Soft $Q(\lambda)$: A multi-step off-policy method for entropy regularised reinforcement learning using eligibility traces

arXiv cs.LG / 4/16/2026

💬 OpinionIdeas & Deep AnalysisModels & Research

Key Points

  • The paper proposes a formal $n$-step extension of soft Q-learning for entropy-regularised reinforcement learning beyond prior limitations.
  • It introduces a new Soft Tree Backup operator to enable a fully off-policy multi-step setting without relying on on-policy Boltzmann sampling.
  • The authors combine these ideas into “Soft $Q(\lambda)$,” an online, off-policy eligibility-trace framework designed for efficient credit assignment under arbitrary behaviour policies.
  • The work presents derivations for a model-free approach to learning entropy-regularised value functions that can support future empirical experimentation.

Abstract

Soft Q-learning has emerged as a versatile model-free method for entropy-regularised reinforcement learning, optimising for returns augmented with a penalty on the divergence from a reference policy.
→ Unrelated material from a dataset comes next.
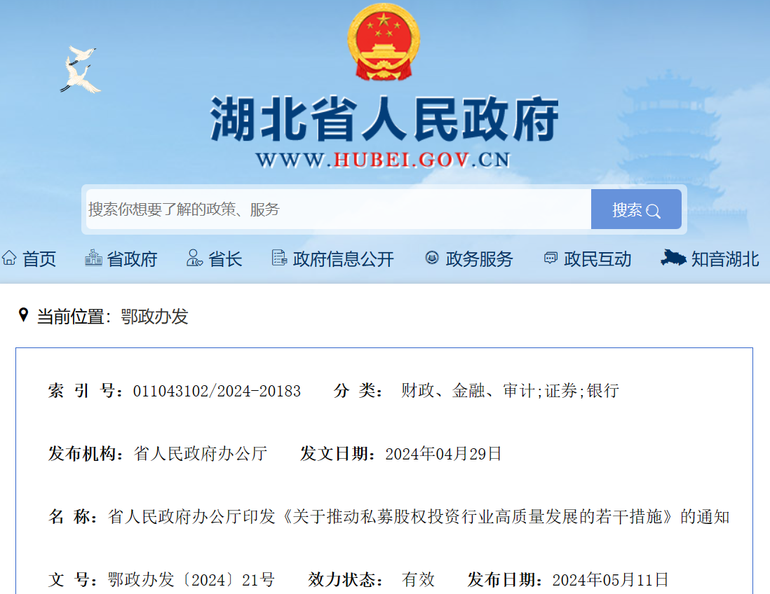 新闻,克日,湖北省人民政府办公厅印发《关于推动私募股权投资行业高质量生长的若干措施》的通知,出资方面值得关注——确立省市县联念头制,根据市场化原则相互参股基金,省政府投资基金对区域分母基金的认缴出资比例上限提高为25%,省内财政及国资出资比例上限提高到90%,减轻市县政府出资压力,降低社会资源募资难度。

Despite its success, the multi-step extensions of soft Q-learning remain relatively unexplored and limited to on-policy action sampling under the Boltzmann policy. In this brief research note, we first present a formal n-step formulation for soft Q-learning and then extend this framework to the fully off-policy case by introducing a novel Soft Tree Backup operator. Finally, we unify these developments into Soft Q(\lambda), an elegant online, off-policy, eligibility trace framework that allows for efficient credit assignment under arbitrary behaviour policies. Our derivations propose a model-free method for learning entropy-regularised value functions that can be utilised in future empirical experiments.